Thanks for sharing that real-life case, Neil. We are historically accustomed to digital data processing inherently assuring data integrity. It was dismaying, then, to read the TSM 5.1 Technical Guide redbook and see it say things like, "New communication and SAN hardware products are more susceptible to data loss" and "...data corruption introduced either by the network or by errors within the storage environment", Data loss?? Corruption?? Indeed. The TSM developers realized this and provided CRC functionality to help validate data integrity. If you have a complex data transfer and/or storage environment, you may want to consider turning on CRC.

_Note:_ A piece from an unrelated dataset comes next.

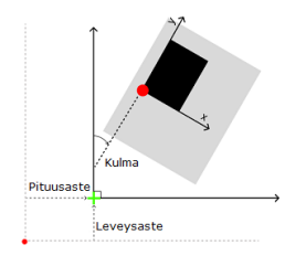 - Oletuksena mallin kulma on 0, jolloin rakennusmallin y-akseli on leveysastesuoran suuntainen.

Richard Sims On Nov 2, 2005, at 5:30 AM, Neil Schofield wrote:
We had issues like this 18 months ago. It coincided with us adding some new HBAs to balance the load. It transpired that one of the HBAs was silently corrupting the data as it was writing it to tape. We only realised when we came to read the data back. The problem was that the same HBA was being used to write data to both the local (primary) and remote (copy) storage pools over a long-distance SAN, so we lost some data. Once we identified the HBA as the source of the problem and removed it, we then had the task of identifying every tape that had been written using it. Almost all were bad! We deleted the copy tapes and for primary tapes, we restored from copy tapes where possible. The HBA - an Emulex LP9802 - was described as having 'end-to-end parity protection' but this didn't work for us. I opened a PMR, but IBM made the observation that they are not responsible for the data after it has been passed to the HBA. So maybe one of your SCSI/FC adapters has gone bad? Regards Neil Schofield Yorkshire Water Services Ltd.